The 7th-largest French city

On Tuesday I'll fly back to London after 2 months in suburban New Jersey (and NYC, New Hampshire and the Virgin Islands). The mail will be piled up, I'll hobnob with my beloved elder children (except the one in Nicaragua) and I'll be in one energised city. There's a hum about London these days. The most international city is like a Star Wars bar where the galaxy's exotics mingle. I remember the thrill of my first visit to New York in 1979. Now the thrill's in London and I grew up there. Money's flooding in, energy too.

This breathless article points out :
A decade ago, it would have seemed fanciful that we could usurp New York as the world financial capital, when the smart money was predicting London's eclipse by Frankfurt..
My motto is 'things change'. Paris has potential. The ease of flitting by train between central London and central Paris means that these mythical cities are potentially fungible. Right now Paris is a dubious spot to locate a global business, but Sarkozy could change that.
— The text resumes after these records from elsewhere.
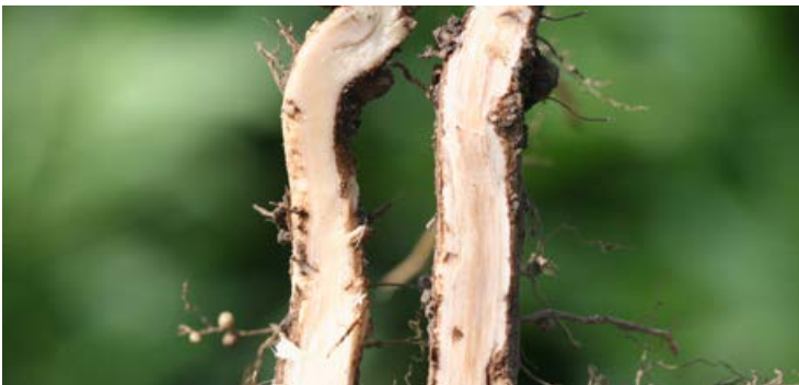
Figure 4. Plants affected by SDS may show brown discoloration in the taproot.
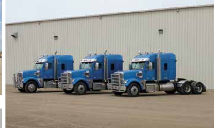
3 of 4 – 2016 Freightliner 122SD

See complete auction and equipment information on our website
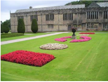
Lanhydrock House & Gardens

With so much to see and do a week will fly past and you'll have to choose carefully. Perhaps once you've packed the car you might like to visit Lanhydrock National Trust house and gardens, Bodmin or if you want an adrenaline rush why not stop by Adrenaline Quarry, Liskeard to have a go on the zip wire to get the heart pumping.
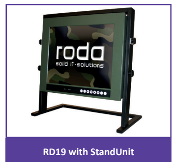
RD19 with StandUnit
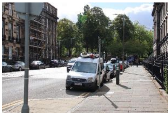
Figure 25 Great Stuart Street, west side, looking south
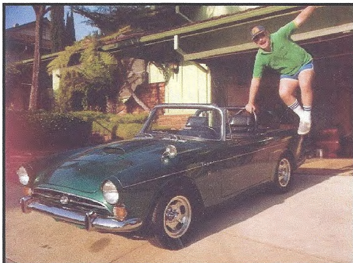
Not so recent picture of "skinny" me with my Sunbeam TIGER.
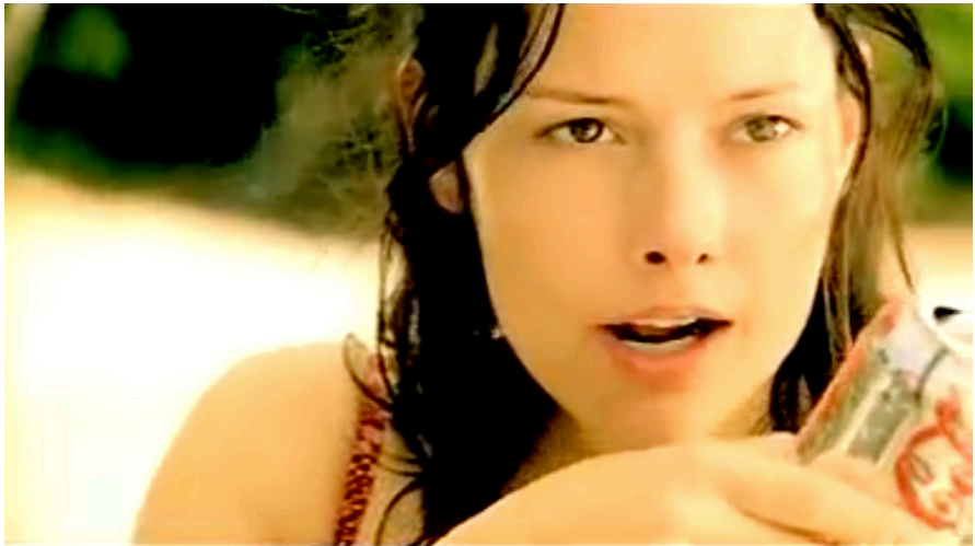
Fig. 2: Sexy women with Coke can, HAVE A GREAT BREAK, film still (00:00:20).
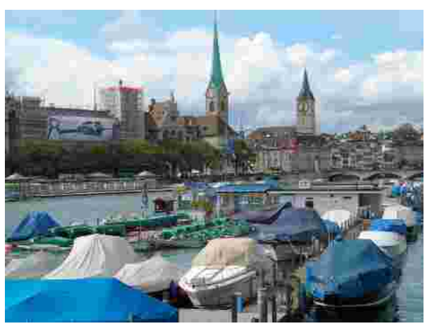
Zurich from Lake Zurich
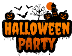
1 st Prize Halloween Vignette
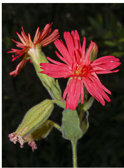
CALIFORNIA PINK (Silene laciniata subsp. californica) Native Perennial - Pink Family - (Spring-summer) - Chaparral, oak woodland, conifer forest, serpentine or not - Plant 8-28" tall. Petals 0.5-1" long, bright red.
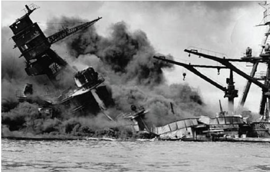
The destruction of the USS Arizona at Pearl Harbor - 7th December 1941.
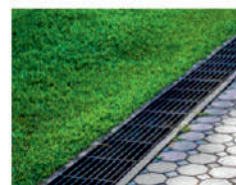
Modern sewer and drainage system
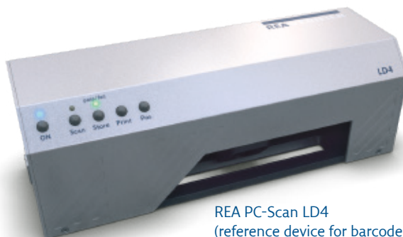
REA PC-Scan LD4 (reference device for barcodes)
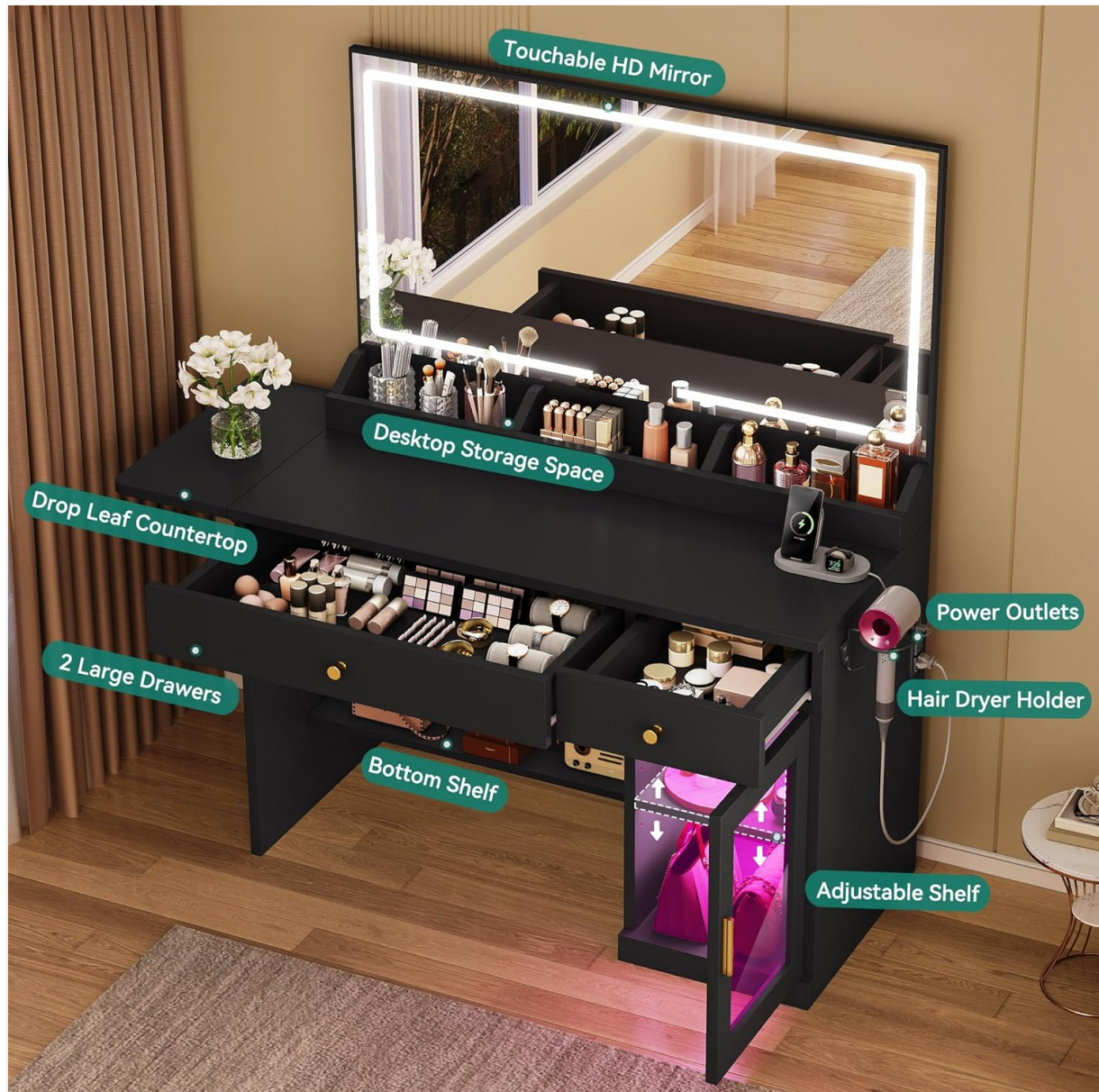
Figure 7: Organized Drawers and Desktop Compartments.
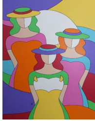
Jardin d'ete 950 eur
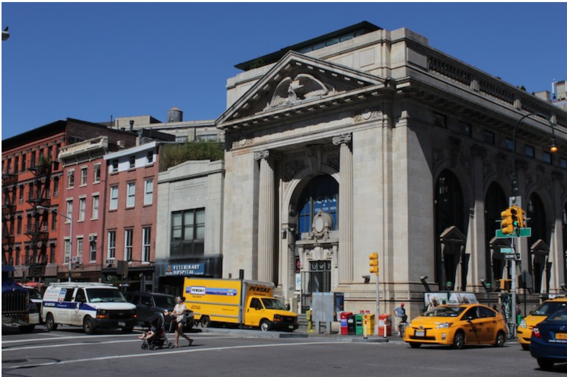
37 – 8 th Ave Intersection: 1907 Neo-classical building constructed for the New York County National Bank. Now houses the Nickel Spa for Men.
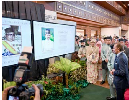
His Majesty touring the exhibition and mingling with the people at the event.
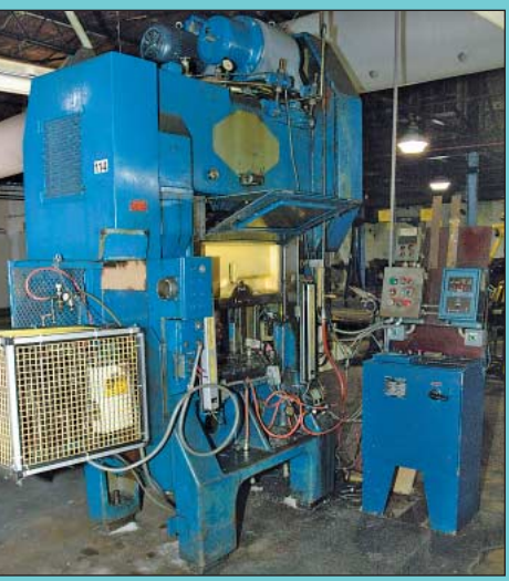
45 Ton L&J Model EM-45 Variable Speed Straight Side Double Crank Press
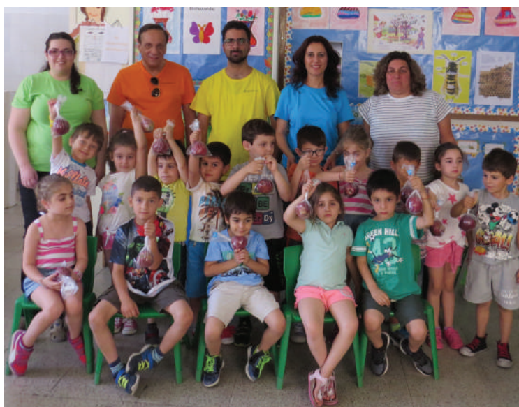
We also supported UNICEF's organization action to assist children in real need, buying fresh apples from the organization and delivering them to elementary schools and pre-elementary schools of neighboring communities. Income will be used for the purchase of basic staff for destitute children.

If so, a cost of living and lifestyle arbitrage with London may open. That could finish New York as a global finance centre as NyLon is a tougher commute than PariLon. The language barrier is no more; English jumped it.
I like London, but maybe one day I'll sell up and buy a modest spread in Escalante, Utah. There may be a little change left over. Go west, old man! There's coffee and wi-fi.